At the Semantic Web Business and Technology Conference in San Francisco in 2011, a company called Pragmatech presented a prototype of its CTRL semantic engine. Now, a little more than a year later, it’s launching products and services, as well as an API, for business and general public use.

The Daily Star, an English language news publication in the Middle East, is one of the early adopters of CTRL for its web site. The semantic technology powers the news site’s surfacing of topically related stories, summaries of an article, and entities extracted from it. Soon, readers also will be able to follow topics related to articles as well.

“Many semantic technologies do entity extraction at a shallow level,” says Dr. Walid Saba, who leads the R&D team at Pragmatech. “We go deeper.” As an example, readers of The Daily Star wanting to explore stories by following a key topic – a particular world figure as a diplomat, rather than in his or her other past role as a businessperson, for instance – will be directed to stories specific to that. Within the first couple of weeks of deployment, the news site more than tripled user engagement, Saba says.

There are many semantic engines that support the key requirements of entity extraction, analysis of text to figure out key terms or key phrases, summarizations, and semantic comparisons across text. But what Saba says sets CTRL apart is its focus on key topics: “What we do that no one had done, and why we can do topic relevancy or topic comparisons of text even in different languages, is to extract or identify and then analyze and determine key topics. We don’t mean phrases. A topic for us is like a concept but a complex semantic concept that describes the subject matter.”

As an example, take a phrase like global warming. Put that into its engine and Saba says it will return documents where not only is global warming not mentioned but climate change is, and is actually a key topic in the other document. “That is the ultimate goal of semantic technology – that I describe subject matter in my own words, and it gets me documents that are the key topic expressed using a different set of words.” That goes for documents in the same or another language. “Because our engine is truly semantic all we need is a decent translator,” he says. “Because words are not the key things, we just need to understand the gist of a story and a decent translator can do that for us.”

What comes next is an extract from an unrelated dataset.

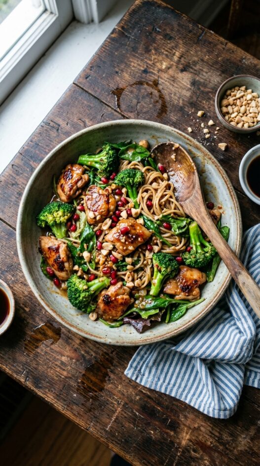 Quick, satisfying stir-fry with ramen noodles, crunchy peanuts, and pomegranate seeds. A flavorful weeknight dinner.

Its API will be free initially, the idea being for enterprises to leverage it as they see fit. It also is making available a plug-in for Office environments; users reading or creating content in a Word doc, for example, will be able to select a piece of text and have semantically relevant content it knows about served up. That can be videos (which Pragmatech is scaling up now from a few hundred thousand) or images as well as text documents. It’s also developed an extension for Chrome web browsers, where users can grab text from a web page and also retrieve topically relevant documents.  Other end user tools and services to be released include a PowerPoint add-in, and a blogger content enrichment tool. Its semantic search demo will continuously increase in database size as it crawls more websites daily.

The team at Pragmatech says it can envision many other apps for end users and the enterprise alike, where they can use the power of semantic technology in creating and following content. And some verticals, like news agencies and media monitoring services, all require good semantic technology in terms of comparing content semantically, summarize it intelligently and extracting key topics, he says. The company also has seen interest from a content management system provider, that Saba said told it its metatag extraction to identify key topics in a document on its own is of great value for a content producer.

Another aspect that Saba says is critical is performance. “Semantic engines suffer a lot from doing deep analysis for every word, meaning and phrase,” he says. But CTRL is getting around that; its team of software engineers, he says, “did technology, not at the linguistic level, to make it run like a bullet.”